Jeff gave us some great insight into what he looks for in potential investors at Rifton Capital, a small Private Equity firm based in Ashland. His criteria are pretty specific; he looks at companies with over $1M in revenue, typically in product-based industries, since he gained much of his expertise as a co-founder of MASSIF. Perhaps the most striking thing that came from Jeff was his laser focus on the gross margin in potential deals. In his view, having a high margin (in the region of 70%) is critical to the company’s ability to be profitable and grow.
Jeff’s views are very specific to just one investor. It goes without saying that every investor or firm will have their own requirements. As investing becomes more competitive, investors also need to work hard to differentiate themselves and appeal to specific niches (sector, revenue, gender, ethnicity, technology etc). The bottom line is to do your homework and find this stuff out! It will save you time and effort in the long run and ultimately make sure that your investment search is laser-focused on those investors that have the closest match to your business.

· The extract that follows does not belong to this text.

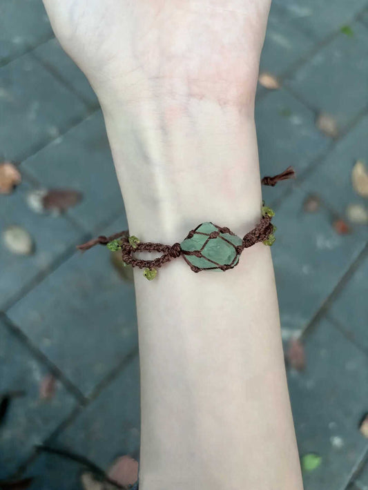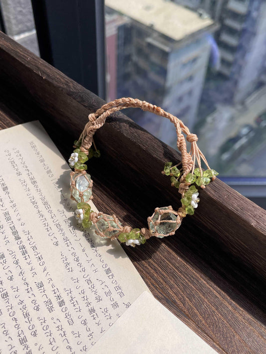 ミントフォレスト風マクラメブレスレット|天然オリーブ石×水晶 手作り

4. Get your personal finances in order.
This one applies whether you are looking at debt or equity financing, although its may be more relevant when applying for debt financing. Bill & Stephanie both explained the application process for bank-style financing, whether an SBA loan or one from Craft 3. While both of these type of loans (and indeed our own SOREDI loan program) can be a little more risk tolerant than a typical bank loan, they will all require a very similar application process, which will include a consideration in regard to collateral for securing the loan.

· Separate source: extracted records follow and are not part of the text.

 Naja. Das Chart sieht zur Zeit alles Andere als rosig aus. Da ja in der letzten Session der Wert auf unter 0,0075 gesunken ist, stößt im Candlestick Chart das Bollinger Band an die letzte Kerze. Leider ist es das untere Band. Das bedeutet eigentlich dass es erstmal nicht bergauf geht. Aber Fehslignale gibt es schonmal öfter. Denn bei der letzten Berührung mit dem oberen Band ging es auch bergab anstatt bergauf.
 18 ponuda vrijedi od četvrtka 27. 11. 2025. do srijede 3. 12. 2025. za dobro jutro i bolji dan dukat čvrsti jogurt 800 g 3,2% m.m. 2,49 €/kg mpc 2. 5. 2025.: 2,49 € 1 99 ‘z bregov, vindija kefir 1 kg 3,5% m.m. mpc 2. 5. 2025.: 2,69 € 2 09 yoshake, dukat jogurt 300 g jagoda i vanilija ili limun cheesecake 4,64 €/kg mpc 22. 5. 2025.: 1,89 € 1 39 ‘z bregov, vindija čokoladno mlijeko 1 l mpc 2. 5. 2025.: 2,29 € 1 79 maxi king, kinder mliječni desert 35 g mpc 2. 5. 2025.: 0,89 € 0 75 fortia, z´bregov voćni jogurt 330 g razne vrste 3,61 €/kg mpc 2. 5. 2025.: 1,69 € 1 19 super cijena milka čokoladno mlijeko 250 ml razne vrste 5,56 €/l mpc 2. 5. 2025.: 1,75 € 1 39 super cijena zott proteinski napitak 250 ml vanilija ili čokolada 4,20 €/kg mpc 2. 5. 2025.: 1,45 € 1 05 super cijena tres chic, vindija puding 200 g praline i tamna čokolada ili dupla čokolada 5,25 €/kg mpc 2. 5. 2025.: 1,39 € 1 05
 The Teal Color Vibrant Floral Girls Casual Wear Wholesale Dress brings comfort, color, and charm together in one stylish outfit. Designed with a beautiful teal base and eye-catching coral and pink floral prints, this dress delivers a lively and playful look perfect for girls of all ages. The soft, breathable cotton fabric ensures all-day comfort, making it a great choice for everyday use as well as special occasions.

This is also where you can’t escape the value of having a good credit score (650-670+). Along with solid personal finances, a strong business plan demonstrates your ability to repay the loan. This is maybe one of the hardest parts about starting a business, which inevitably places a lot of strain on personal finances. Many entrepreneurs max out credit cards and other lines of credit to get their business off the ground.
Being upfront, honest and transparent with your lender is really important. It’s far better to build a great relationship with your lender in this way, rather than burying your head in the sand! Get to know your banker before making an application, in the same way you would a mortgage lender for a house purchase. That way they can explain to you what sort of things you need to work on in order to give your application the best chance of success.
5. Be persistent. Hustle!
Raising funds is an incredibly competitive exercise and those who are successful show large amounts of determination, ability to keep going despite setbacks and persistence/belief in their vision to see it through until the end. It’s true that doing your homework, being prepared, having a solid plan & pitch and knowing your investor can all get you a long way, but for many investors it still comes down to personality and your ability to deliver a convincing pitch time after time. Many successful entrepreneurs pitch hundreds of times before securing the funds they need to go on to achieve great things.
6. Ask for advice.
There’s a ton of resources out there to help entrepreneurs and business owners with all aspects of starting and running a business including: SBDC – for help putting together your business plan & financials. First Interstate Bank – for SBA loans or other forms of commercial lending. Craft 3 – for community based lending programs. SOREDI – Business Development Loan Fund. Your local Venture Catalyst – for advice & mentoring on getting equity investment from local or state-wide resources.